In this video, TV “anchor” Mustapha Alaoui bashes on Aljazeera for their coverage of the Sahara and the
2006-2008 Afengou incidents. A remote village where dozens of infants died due to harsh conditions and an unresponsive government. Al Alaoui argues: “But what about Qatar ? Why doesnt Aljazeera mention the 1994 Qatari coup? Why doesnt Aljazeera shifts its focus to the gulf instead?” As you can see, his tirade was very well received. Oddly enough, AlJazeera was probaby the only channel keeping Moroccans in the loop considering the shameful absence of Moroccan media, funded by Moroccan’s tax money. A more relevant variation would be the “What about Algeria? How about you try living there instead” whenever a criticism of the “Moroccan exception” arises. Superstar columnist Rachid Nini also blatantly resorts to a similar fallacy trying to refute Moulay Hicham, Aboubakr Jamai and Ali Mrabet’s statements to the media. The list of examples is endless, but going back to Johann Hari who puts it best:
So whenever you hear the cry “But what about?!”, you can reply: what about we ignore this crude attempt to change the subject, and focus on the subject in hand?

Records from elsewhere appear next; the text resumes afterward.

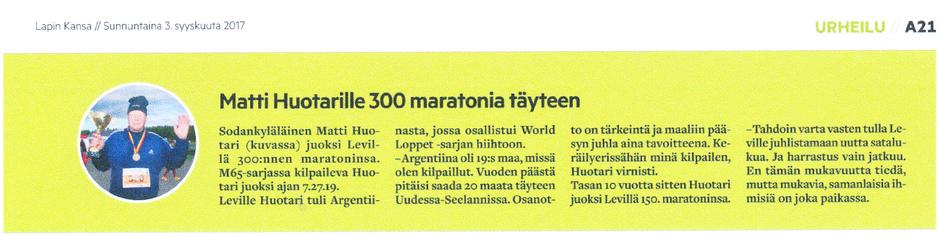 Kaksinkertaiselle Masterille Matti Huotarille Sodankylästä 300 maratonia täyteen Levillä 3.9.2017 !
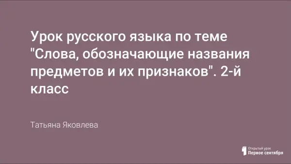 Последний урок по теме «Слова, обозначающие названия предметов и их признаков». На этом уроке объединяющим звеном является тема осени. Есть межпредметная связь с уроками окружающего мира и музыки. Большое внимание уделяется работе с загадками, пословицами и поговорками для расширения словарного запаса младших школьников.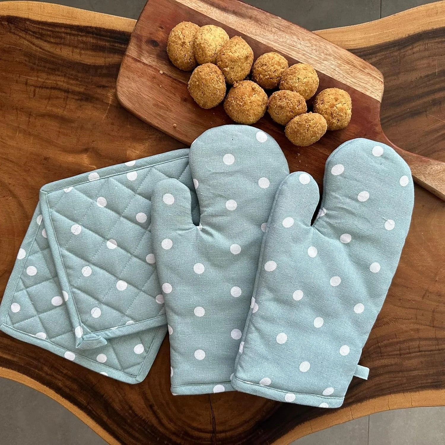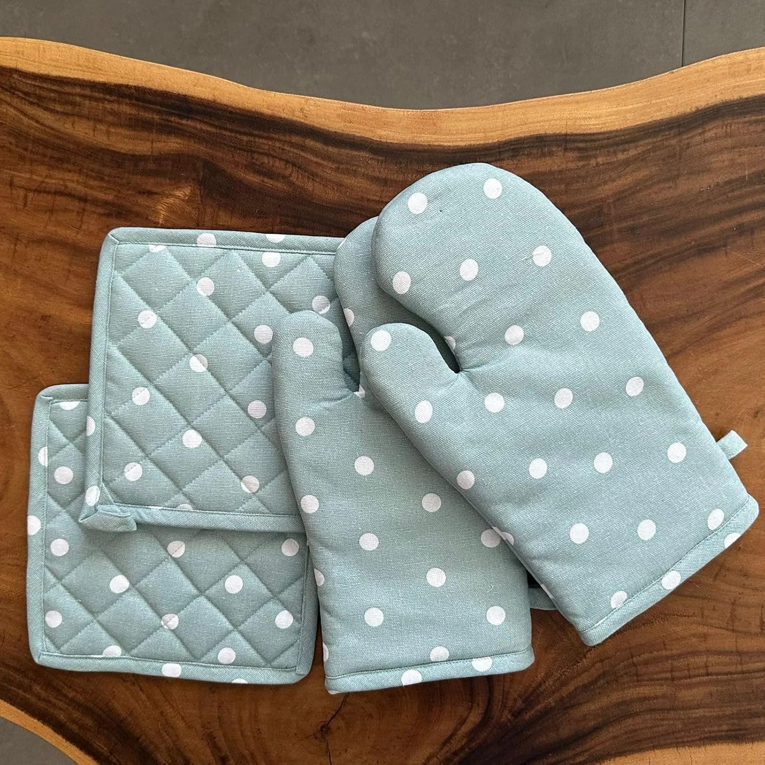 • Crafted from 100% cotton, these oven gloves and pot holders offer exceptional durability and heat resistance. They are designed to withstand the rigors of everyday cooking, providing reliable protection while handling hot pots, pans, and dishes.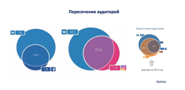 На рисунке вы видите, что из себя представляли аудитории социальных сетей на январь 2019 года и их пересечение, а также это пересечение по сравнению с 2013 годом.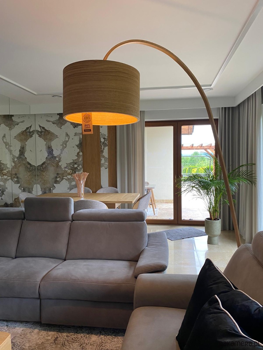 Lampa łukowa Leea Yoga to wyjątkowa lampa wykonana w całości ręcznie z dębu oraz podstawy z płomieniowanego czarnego granitu. Abażur zrobiony jest z naturalnego forniru dębowego . Noga to gięty dąb wykończony naturalnymi olejowoskami. Lampa swoją formią i kształtem nawiązuje do najlepszych trendów we wzornictwie i designie oświetleniowym. Dając ciepłe i naturalne światło wprowadza do wnętrza klimat i atmosferę spokoju i relaksu. Forma i kształt lampy powoduje że nie jest ona tylko źródłem światła ale stanowi również element dekoracyjny i jakościowy we wnętrzu. Czarna granitowa podstawa dodaje lampie elegancji i podkreśla jej naturalne wykonanie.

This complete disregard of basic rhetoric principles is what makes the difference between, say, the British house of commons and the Moroccan parliament, between Oxford Debates and Aljazeera’s Opposing Views(Itijah Al Mou’akiss). 2011 seem to be the year for breaking Arabic stereotypes, and while I realize that “curing” this particular affliction can be a bit more challenging, I think we can manage to alleviate its repercussions. Why stop for example at only teaching logical and quantitative reasoning in Math classes? Rhetorics should also be taught alongside Arabic or Philosophy classes. A nation of great conversationalists and problem-solvers? what a dream. Can I get my Nobel prize already?